This study brings a qualitative, case study approach to bear upon an ongoing internet-mediated foreign language-learning project between students of French at an American university and their tutors at a partner institution in France, in order to ask a basic question of the telecollaborative language classroom (Belz & Thorne, 2006; O'Dowd, 2007). "Where is the foreign?" represents an attempt to expose the ontological conditions that might enable online students of language in the U.S. to "learn to comprehend speakers of the target language as members of foreign societies and to grasp themselves as Americans"--a central, reflexive component of translingual and transcultural competence as elaborated by the Modern Language Association (2007).

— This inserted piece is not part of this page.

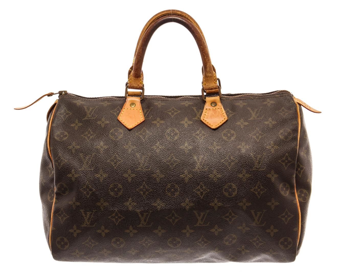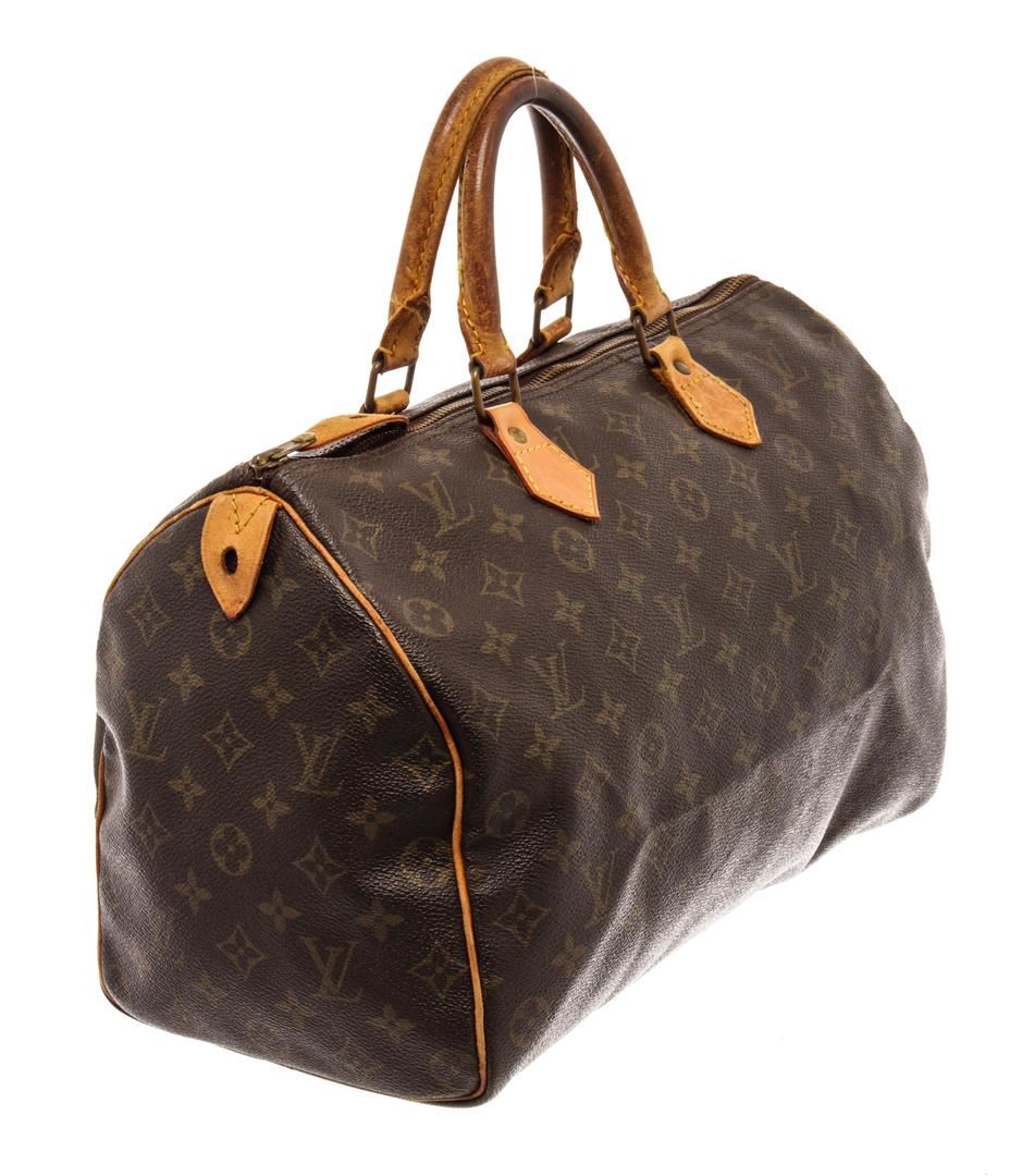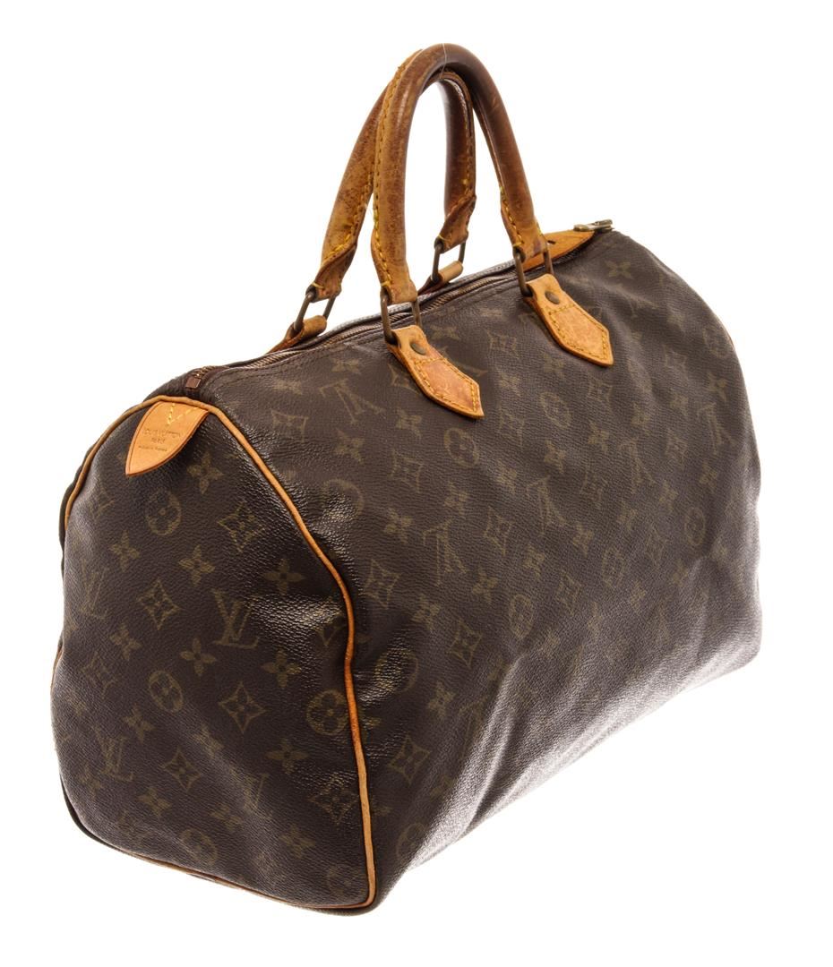 Louis Vuitton Brown Monogram Canvas Speedy 35 Satchel Bag. All available information is listed in the description and shown in the photos. Louis Vuitton Brown Monogram Canvas Speedy 35 Satchel Bag with brass hardware, dual rolled handles, leather trim embellishment, canvas lining & single interior pocket, zip closure at top. Height: 10.75" Width: 13" Depth: 7", Handle Drop: 3.75" / 27.30 x 33.02 x 17.78 Cm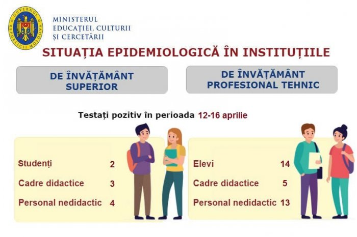 În perioada 12-16 aprilie, în instituțiile de învățământ superior au fost confirmați pozitiv doi studenți, trei cadre didactice și patru cadre auxiliare, iar în autoizolare au fost plasate două cadre didactice. În învățământul profesional tehnic, au fost confirmați pozitiv cu virusul Covid-19, 14 elevi, cinci cadre didactice și 13 alte categorii de personal.

Throughout the dissertation, I employ the dialogic principles of philosophers and literary theorists Mikhail Bakhtin and Martin Buber, grounded in a frame analytic approach to online and multimodal discourse, in order to understand whether digital communications technologies affording immediacy and co-presence also afford the boundary-setting, outsideness of perspective, and wholeness of person characteristic of dialogue. Analysis is organized in three case studies that take up, in turn, questions of distance and place, embodiment and person, and interface and reflexivity as they relate to the central concept of foreignness. In each of these areas, I find, students' learning experiences, as represented in their own classroom and retrospective discourse, raise the possibility that simulation (Baudrillard, 1994) plays a significant role in defining the reality of the foreign: foreign places signify difference, but with little ability to contextualize interaction; foreign bodies are audible and visible as images, but difficult to address in their totality; and the cultural mediations of the interface become nearly invisible in the face and gaze of the other.
In the conclusion, I suggest that the rise of internet-mediated intercultural language learning projects may be accompanied by unexpected transformations in relations between students and teachers in the face-to-face language classroom, and recommend critical pedagogical interventions that expose the connections between student experiences of body, place, and technology, in realms both online and off, with the goal of creating optimal conditions for language learners' "operation between languages" (MLA, 2007).